= Beginning of Section =

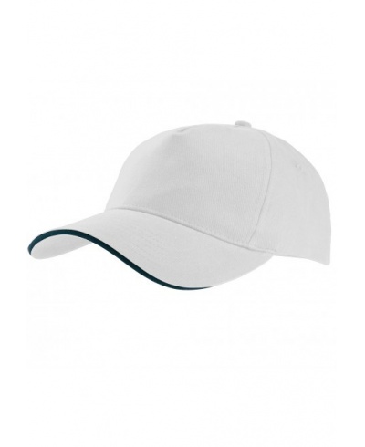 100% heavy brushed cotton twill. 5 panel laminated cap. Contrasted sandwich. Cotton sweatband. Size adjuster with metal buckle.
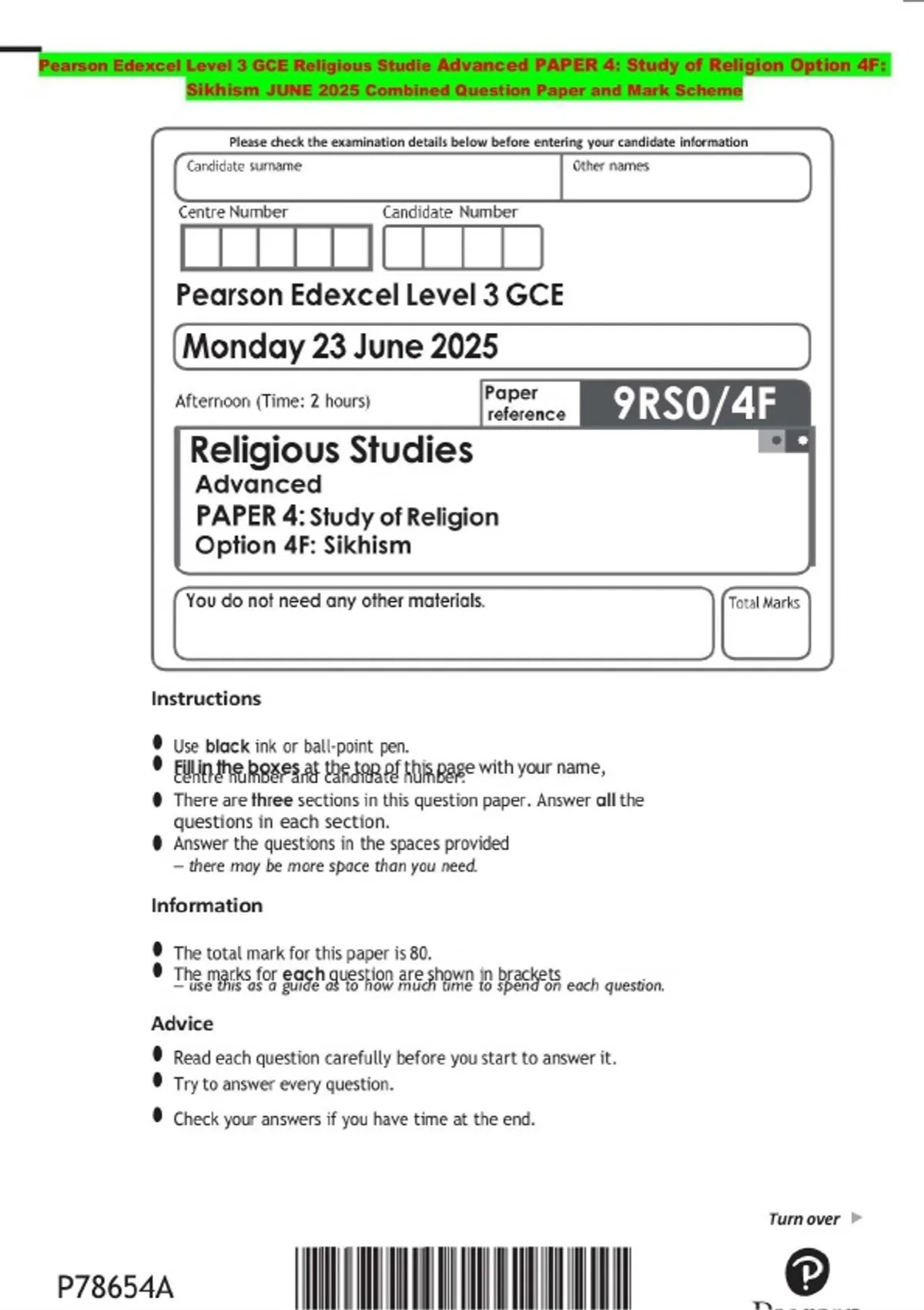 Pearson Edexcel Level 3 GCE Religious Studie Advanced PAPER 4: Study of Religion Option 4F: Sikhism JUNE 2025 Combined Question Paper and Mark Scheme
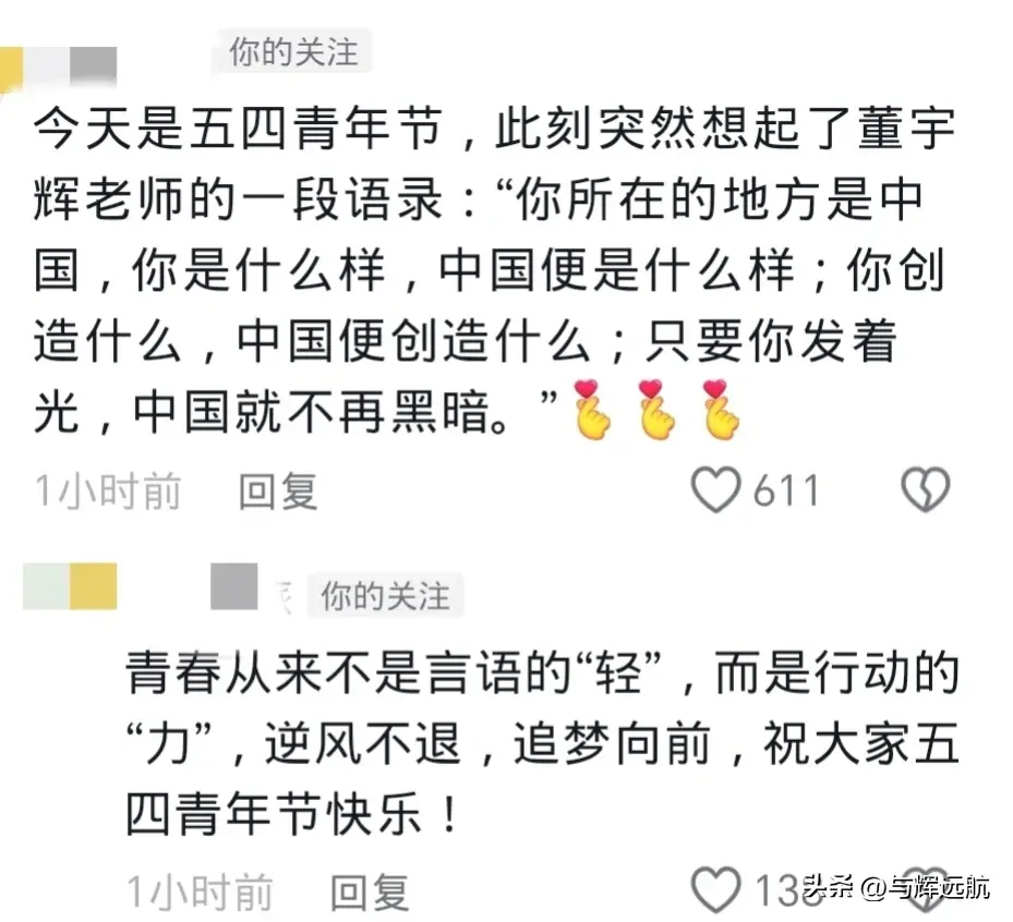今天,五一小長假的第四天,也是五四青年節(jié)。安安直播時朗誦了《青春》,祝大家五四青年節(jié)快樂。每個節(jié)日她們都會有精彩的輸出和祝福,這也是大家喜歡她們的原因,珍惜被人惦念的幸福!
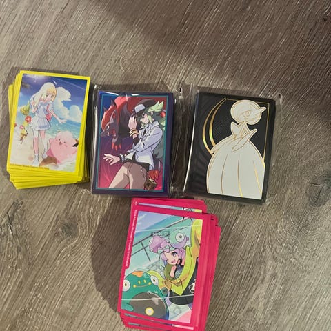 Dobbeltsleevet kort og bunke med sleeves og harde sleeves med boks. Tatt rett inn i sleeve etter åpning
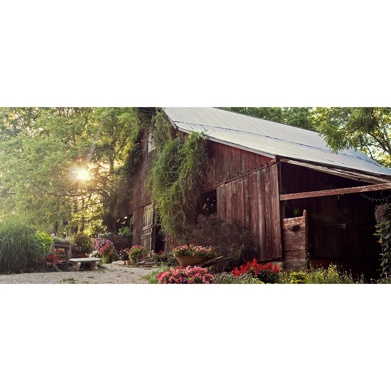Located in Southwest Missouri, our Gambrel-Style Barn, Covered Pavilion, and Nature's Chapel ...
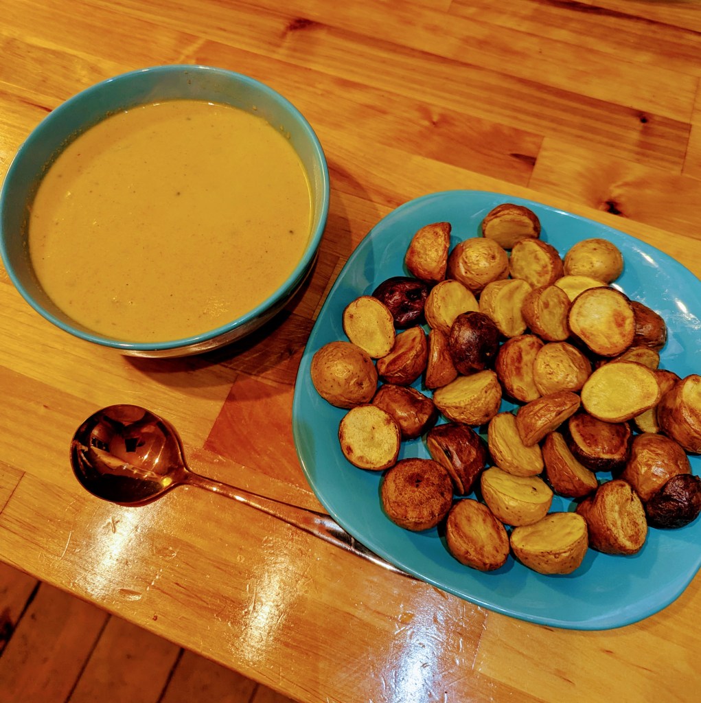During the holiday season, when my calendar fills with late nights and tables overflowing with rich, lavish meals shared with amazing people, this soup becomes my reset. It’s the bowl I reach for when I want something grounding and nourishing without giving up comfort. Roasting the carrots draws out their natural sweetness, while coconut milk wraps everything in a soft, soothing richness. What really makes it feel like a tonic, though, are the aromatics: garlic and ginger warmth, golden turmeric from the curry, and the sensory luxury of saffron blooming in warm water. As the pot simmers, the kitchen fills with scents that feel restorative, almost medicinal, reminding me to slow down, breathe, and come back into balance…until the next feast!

= End of Section =

**ASSIGNMENT:**
Reproduce the lines from the line containing "今天,五一小長假的第四天,也" through the end of the records above, exactly and inclusively, omitting pictures.

**RESULT:**
今天,五一小長假的第四天,也是五四青年節(jié)。安安直播時朗誦了《青春》,祝大家五四青年節(jié)快樂。每個節(jié)日她們都會有精彩的輸出和祝福,這也是大家喜歡她們的原因,珍惜被人惦念的幸福!
 Dobbeltsleevet kort og bunke med sleeves og harde sleeves med boks. Tatt rett inn i sleeve etter åpning
Located in Southwest Missouri, our Gambrel-Style Barn, Covered Pavilion, and Nature's Chapel ...
During the holiday season, when my calendar fills with late nights and tables overflowing with rich, lavish meals shared with amazing people, this soup becomes my reset. It’s the bowl I reach for when I want something grounding and nourishing without giving up comfort. Roasting the carrots draws out their natural sweetness, while coconut milk wraps everything in a soft, soothing richness. What really makes it feel like a tonic, though, are the aromatics: garlic and ginger warmth, golden turmeric from the curry, and the sensory luxury of saffron blooming in warm water. As the pot simmers, the kitchen fills with scents that feel restorative, almost medicinal, reminding me to slow down, breathe, and come back into balance…until the next feast!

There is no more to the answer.